April 18, 2023

Arzinger team successfully represented the interest of the client in European court of human rights in the case "Mayboroda VS Ukraine"

Today we are sharing another successful and very important pro bono case of our colleagues.  

Such cases demonstrate that law and democratic institutions, such as human and patient rights, need to be developed. We are proud of the team and the fact that justice has been restored! 

Yesterday, the European Court of Human Rights published its judgment in the case Mayboroda v. Ukraine (application No. 14709/07), where our Founding Partner Serhii Shkliar and former team attorneys-at-law Pavlo Khodakovskyi and Kateryna Shapran represented the applicant.


What was the case about?

Back in 2000, the applicant (Ms Mayboroda) was admitted to hospital with complaints about her health. Doctors found that the cause could be internal bleeding. To stop it, the doctors suggested that the applicant undergo surgery to eliminate the causes and consequences of the bleeding, which, with the applicant's consent, was performed. Later, the applicant was discharged from hospital and given medical documents with no record of the organ removal.


What did the doctors forget? Minor details: first informing the applicant about (obtaining her consent for) the kidney removal surgery, and about the removal itself after the surgery.


What happened afterwards?


  1. The doctors were exposed → in an anonymous call, the applicant was informed that her left kidney had been stolen.
  1. The applicant is ignored → doctors ignored the applicant's calls urging them to explain what had happened and why she had lost a healthy (in her opinion) organ.
  1. Publicity → 8 months after the operation, journalists intervened and demanded explanations from the doctors.
  1. "You've got it all wrong" → the doctors said that the kidney had to be removed and they were going to inform the applicant about it at her next appointment after some time (six months). Six months later, the applicant's medical records were corrected.
  2. The doctors are not guilty, it's all about Soviet legislation → the management of the hospital replied to the request of the prosecutor's office that there was no Ukrainian law that the doctors had violated.

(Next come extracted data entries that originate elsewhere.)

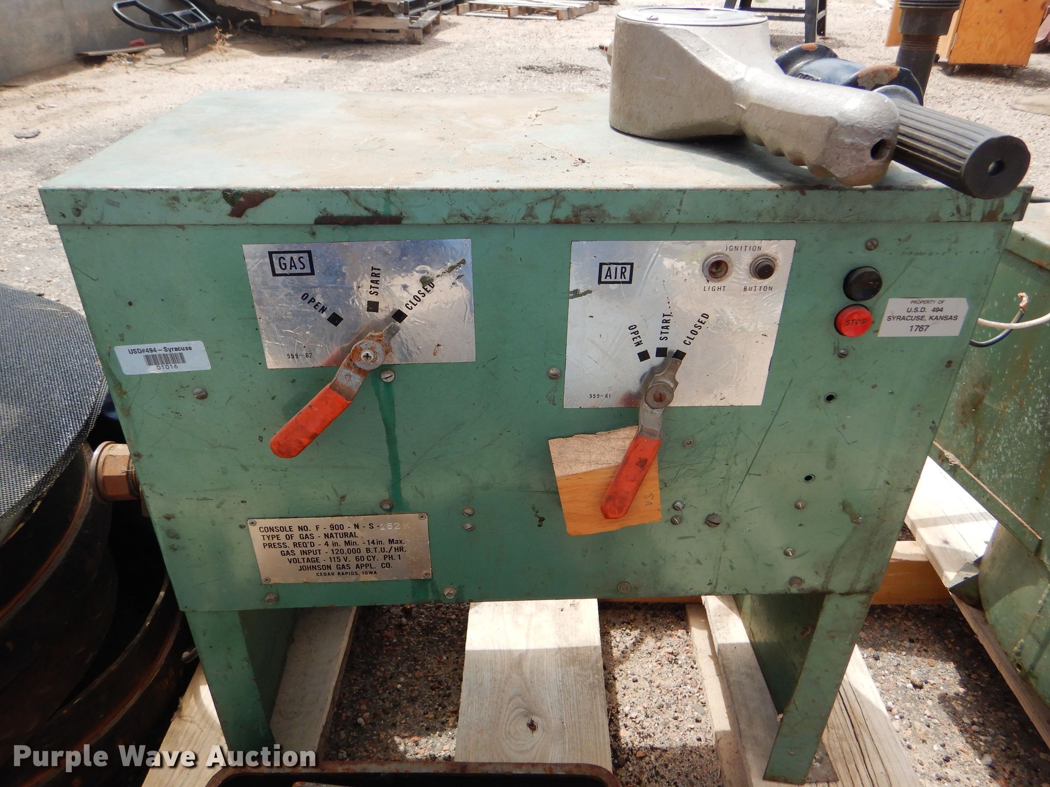 Purple Wave is selling a used Tools in Kansas. This item is a Johnson F-900 foundry with the following: Natural gas operation, 120,000 BTU input, Crucible, Crucible tongs, Casting equipment, Pyrometer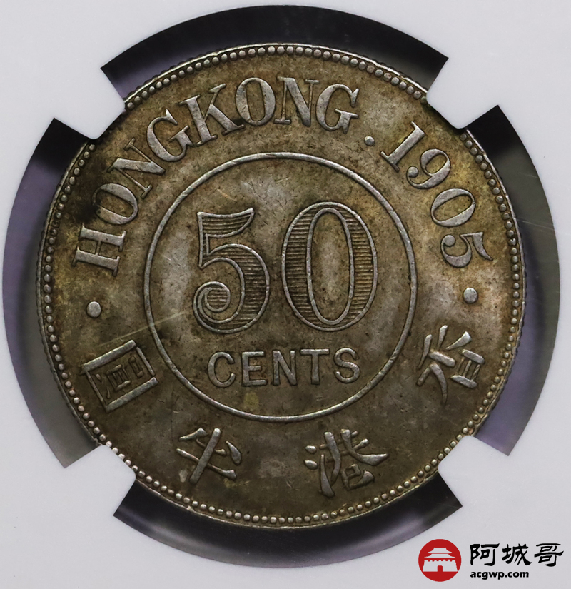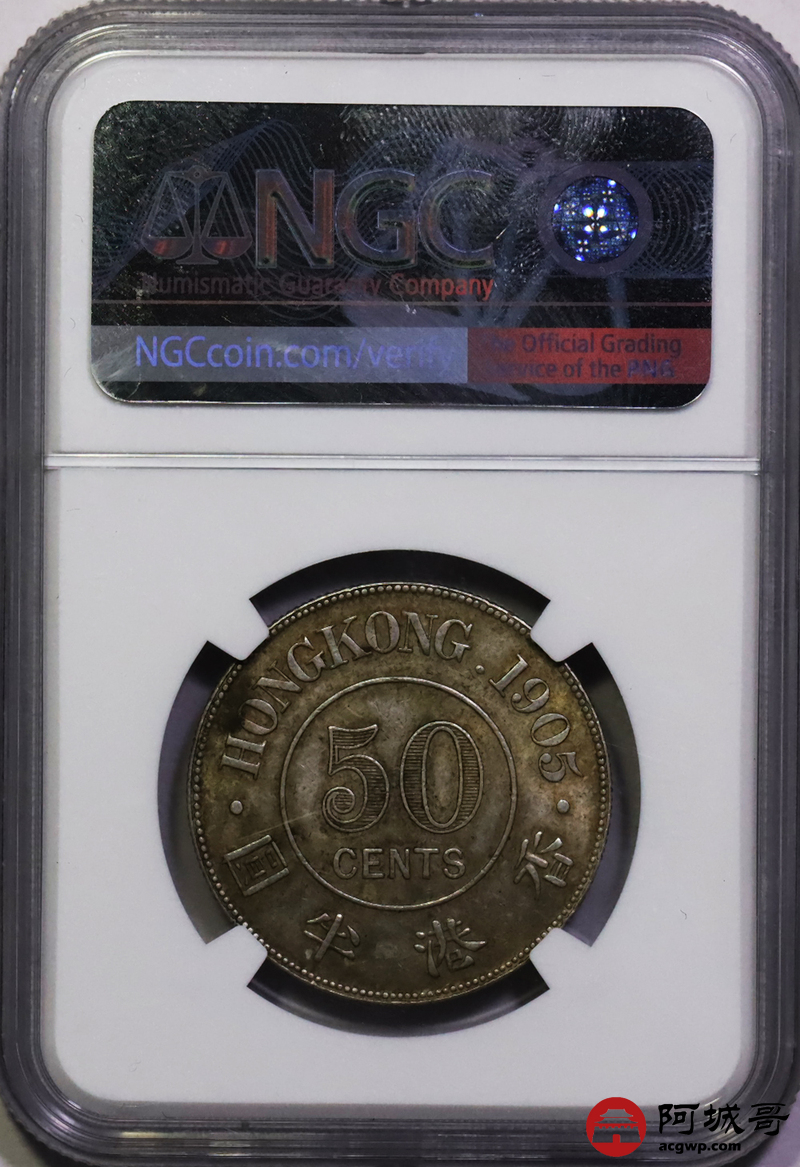 Lot:23 NGC AU55 香港1905年爱七半圆原味银币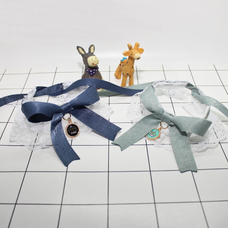 Pet Lace Bowknot Bib Small Dog Saliva Towel Light And Breathable Blue L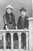 Bildtext till kopian i fotoalbumet: "I bakgrunden berget vid Hälleskäl, Islandsberg. Fr. vä: Emil f 1891, Tyra f 1900, Arnold f 1899, Julia f 1900, Martina Ödman f 1874 o framför Gustav f 1904".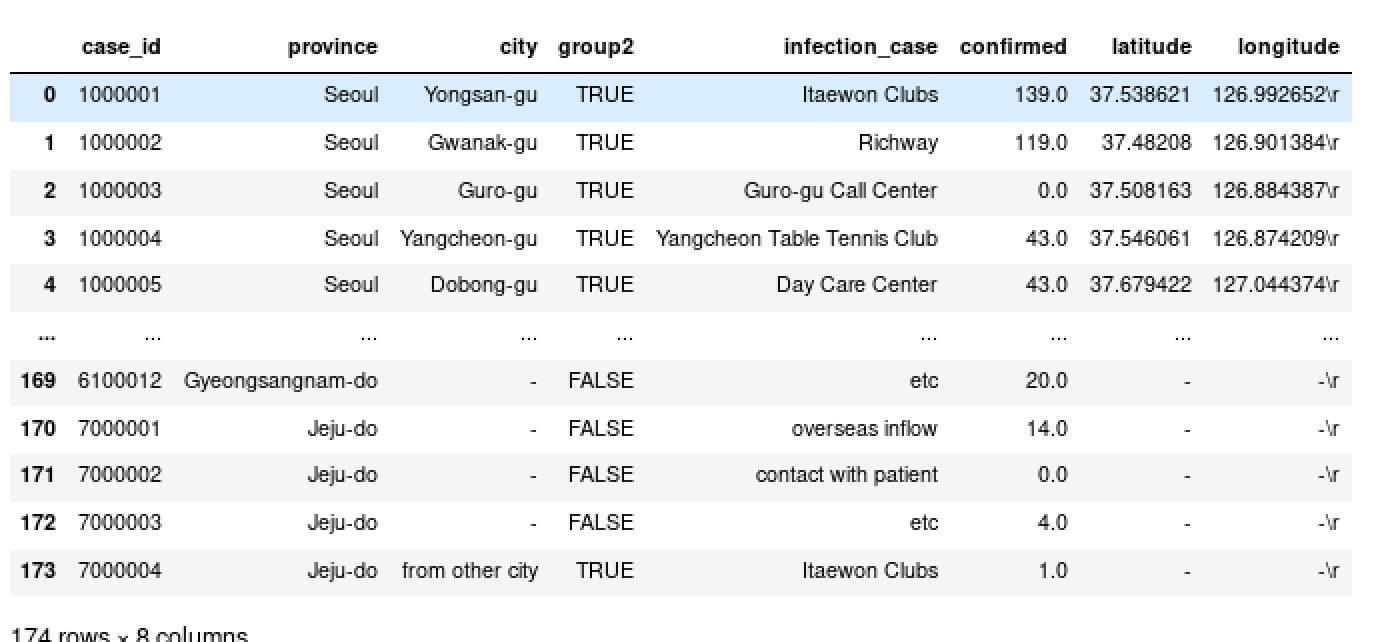 -> (case_id,province,city,group2,infection_case,confirmed,latitude,longitude);

The doctors were guided by the old principles of the Soviet legislation (1970), and it was ethical not to inform about the kidney removal, because such a message could affect the patient's emotional state (!) 

As a matter of fact, the Ukrainian Medical Society in Lviv supported the doctors' decision and the patient's being not informed about the removal of her kidney (a separate issue of alleged "medical" solidarity).

  1. The criminal proceedings were closed → there was no full-fledged investigation, and the case was formally closed.
    The prosecutors did not find a single document that would establish the scope of the doctors' authority to practice and issue official medical documents (!). Thus, since the statement was filled out by doctors who were not officially employed with the hospital, such a statement was not an official document at all.

Regarding the episode with the removal of the kidney (possibly for sale on the black market), the prosecutor found no grounds to institute proceedings (as numerous medical commissions confirmed that the kidney was removed to save the patient's life).


  1. Civil case → the consultant physician (physiologist), who was supposed to inform the applicant about the removal of her kidney, was partially guilty.

Therefore, the courts awarded the applicant UAH 50 thousand (to be paid by the consulting physician for failure to notify her of the kidney removal) and denied recovery of damages from the surgeon.


  1. The European Court – more than 23 years after the operation, 16 years after the application was filed, and 7 years after the applicant's death – found that
  • there had been a violation of Article 8 (Right to respect for private and family life) of the Convention in respect of protecting the applicant’s right to informed consent

  • the authorities failed to verify whether it was possible to obtain consent for the removal of the kidney from Ms Mayboroda before the operation, or from her relatives during the operation, and that the State had not established an adequate legal framework to protect Ms Mayboroda's right to informed consent.

That's it. 


Like other human rights activists, we have quite different perceptions of this case. There are too many "ifs" and not enough "yeses".


  1. Did the applicant receive fair satisfaction for the blatant disregard of her rights? She passed away long before the verdict.

The court had been considering the case for over 16 years. Before that, the applicant's rights had been ignored by the national authorities for 6 years. What did the applicant's efforts, insults, feelings of fear and impunity cost her in a coordinate system where they can simply cut out your organ and not be punished?


  1. Will this decision bring relief to the applicant's daughter? We doubt that. 
  1. Is it important to defend your rights and stand up for them? Yes, it is.

It is often the judgements of the European Court of Human Rights that become the impetus for change, as they demonstrate:

  1. what direction we should move in – human rights MAY NOT be ignored
  2. what changes should be adopted - our legislator has had to respond more than once to such requests from the European Court.